When Heather, er, I mean, Kantor is not playing mean croquet, she’s the object of attention in a little thing we call the “Jodi Kantor watch.”
Let’s take a walk down blog lane, shall we?
“Jodi Kantor watch“ (”What has been Kantor’s answer to high culture: the brit-angst-pop band Radiohead, which appeared on the A&L cover soon after her arrival...”)
“Jodi Kantor and the Boss“ (”Bruce Springsteen at Giants Stadium may be big news to many people, but is it truly ’one of the biggest stories in open-air entertainment since the Christians and the lions’?”)
“J.K.W., cont.” (”The Arts & Leisure section of the New York Times features a few stories that demonstrates (a) the emotional maturity of one of America’s most favored cinematic enfant terribles and (b) the general incompetence of current New York Times culture editors.”)
“Jodi Kantor red alert“ (”What is a Times reader to make of this approving look at a delirious non-music, music without “anything in particular to say,” music fueled by codeine-infused cough syrup?”)
“J.K.W: The Case of the Trendy Tranny“ (” The Gray Lady is now The Gray ’Lady.’”)
“Our dessert’s better“ (”’We did one of the first big pieces on Usher!’”)
“Student council for grown ups“ (”What might Jodi Kantor’s “global and regional strategy” be? She and Bono are hard at work on the answer.”)
Well, the times are a changin at the Times. “Jodi Kantor watch” fans, take note: According to Romenesko and Gawker, Kantor will be hanging up her croquet mallet at A&L and practicing her swing elsewhere, as a reporter on the “Way We Live” team. What that means, precisely, we haven’t a clue. But it indicates we may be seeing much more of Jodi “outside the building.”

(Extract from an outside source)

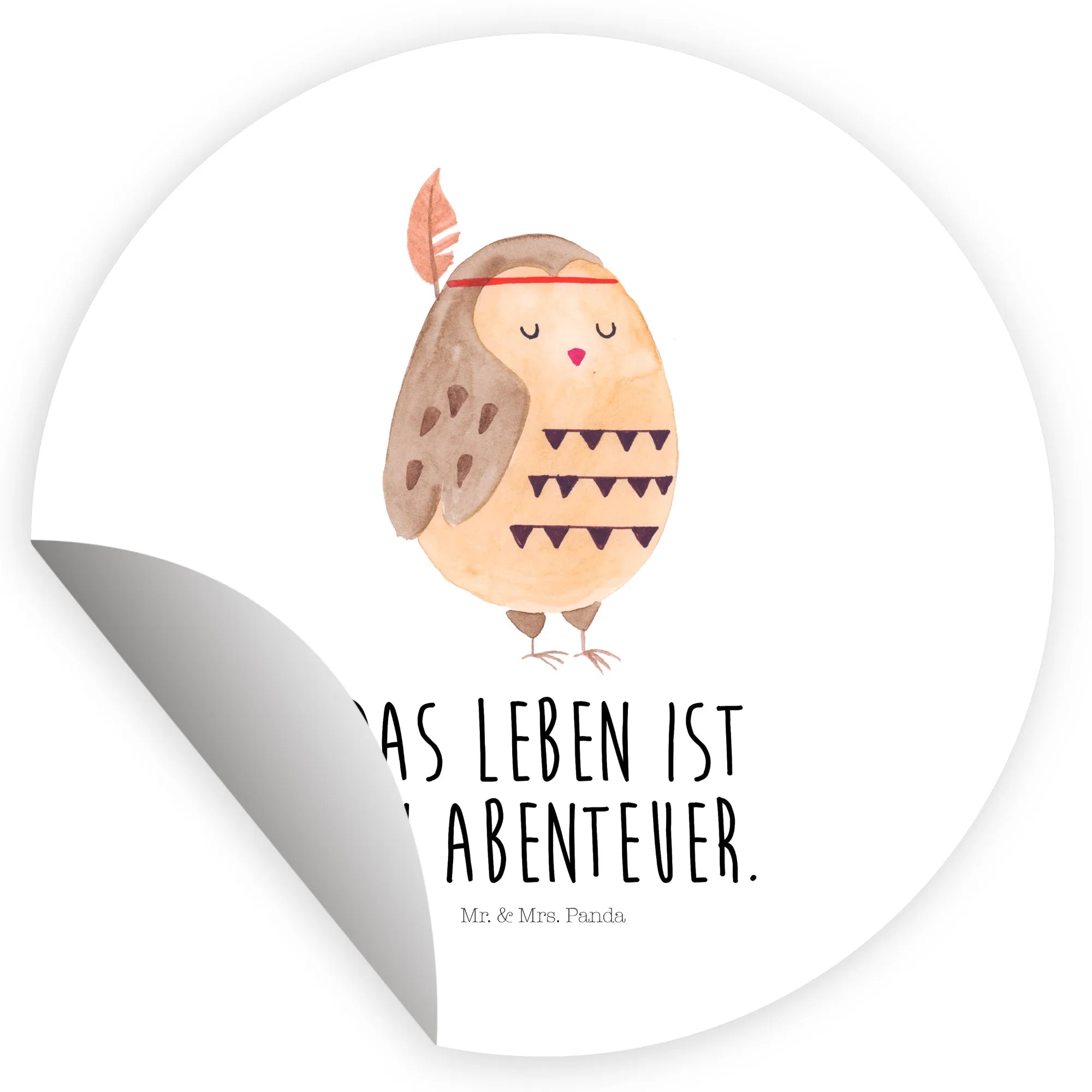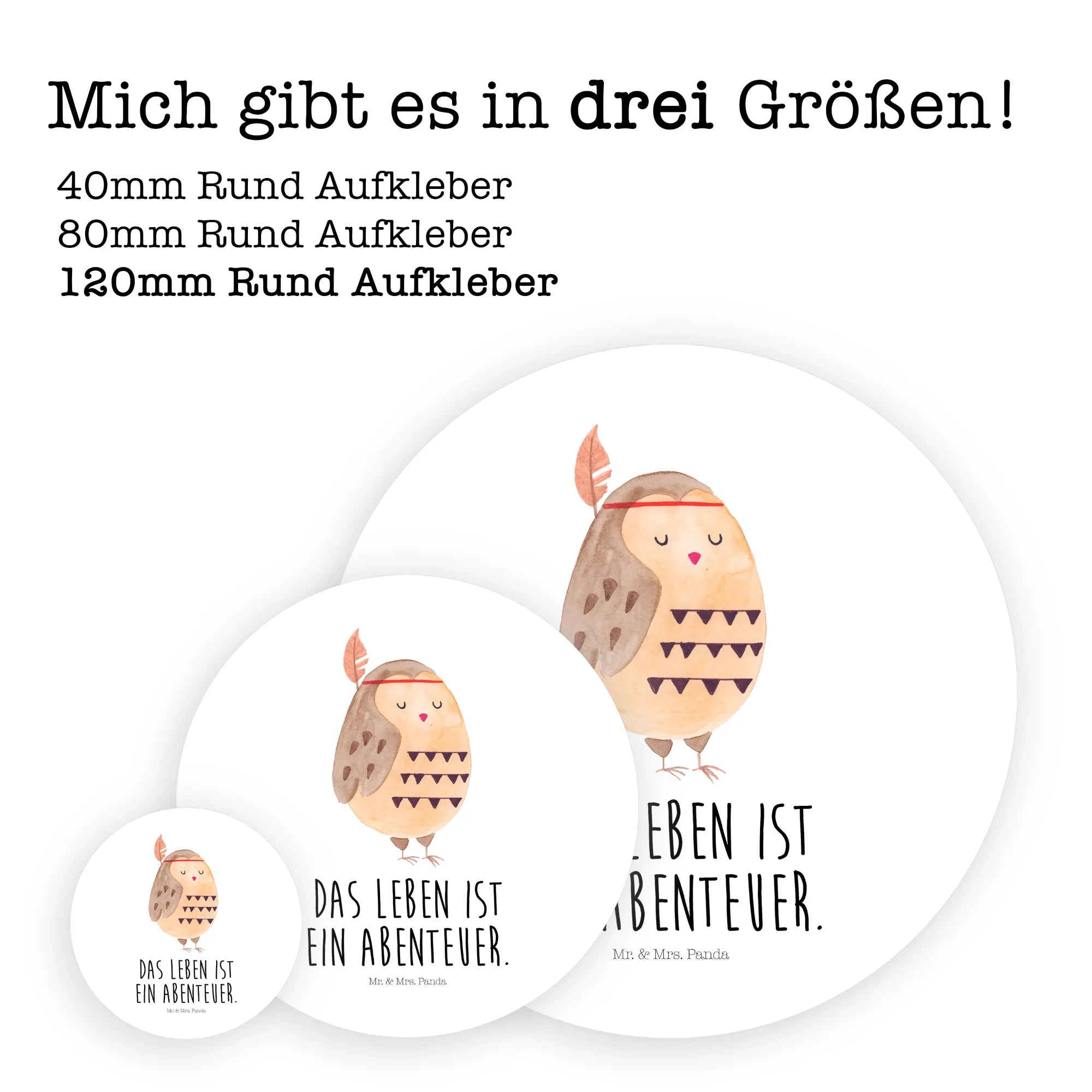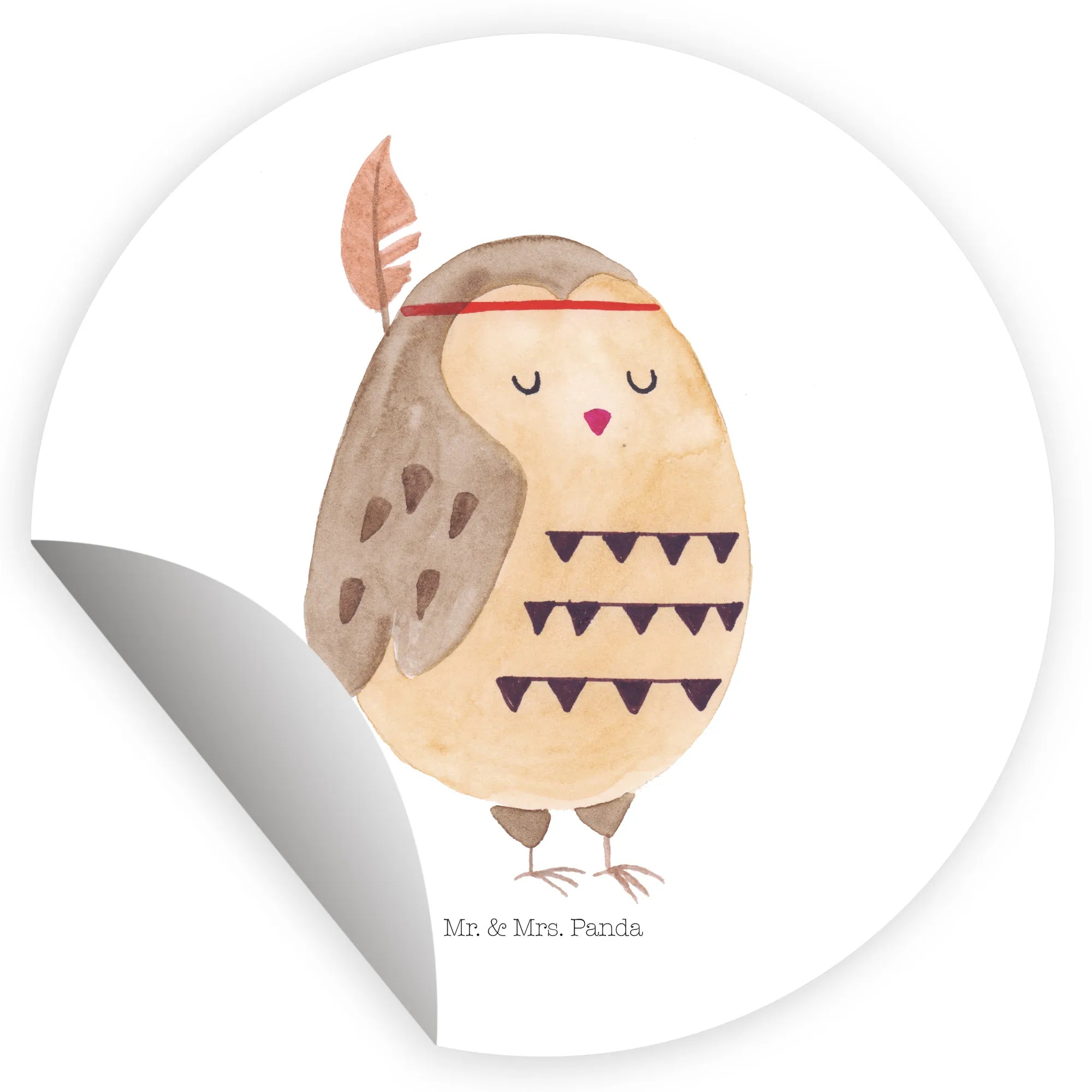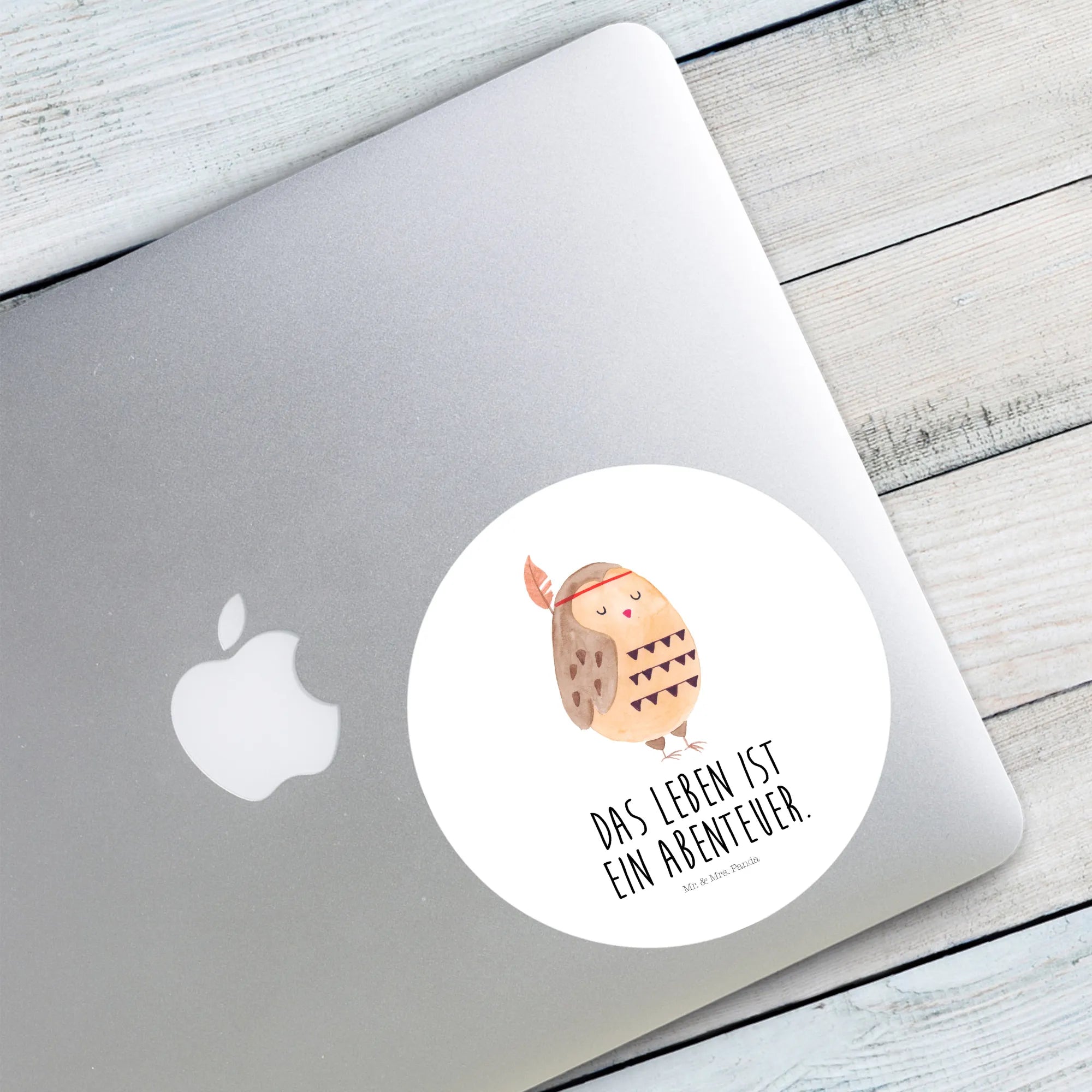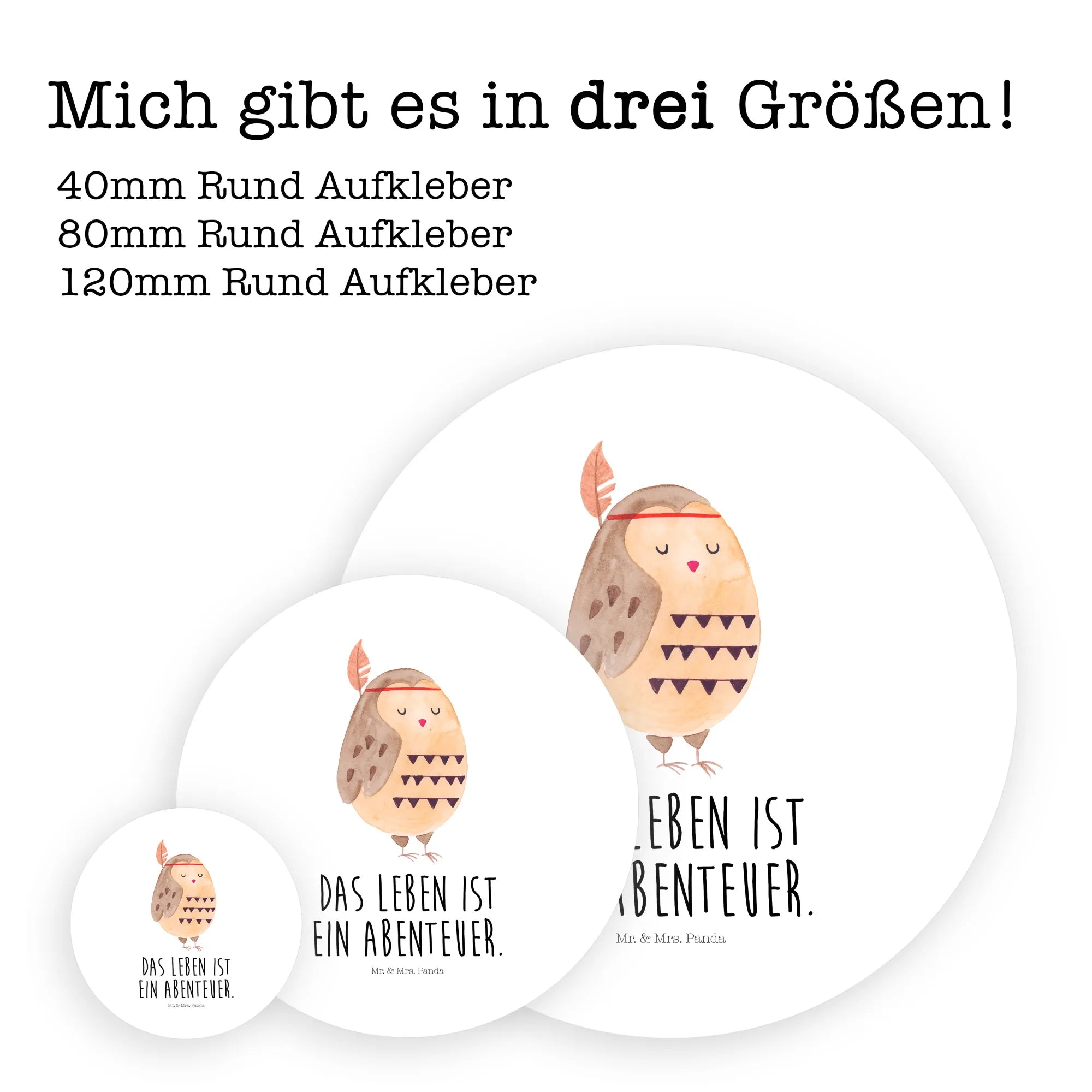 Rund Aufkleber Eule Federschmuck - 80mm Rund Aufkleber - mit Spruch - Weiß

Not everyone has been as thrilled as we have been with the Kantorkampf. Notice Michael Massing in the Columbia Journalism Review. But we’ll follow Sam Sifton’s lead and “raise a glass to a woman who can’t drink these days, but to whom so many of us owe thanks and to whom we’ll offer a standing ovation for a job well done.”
Thank you, Jodi, for making our job at “Jodi Kantor watch” so easy these past two years.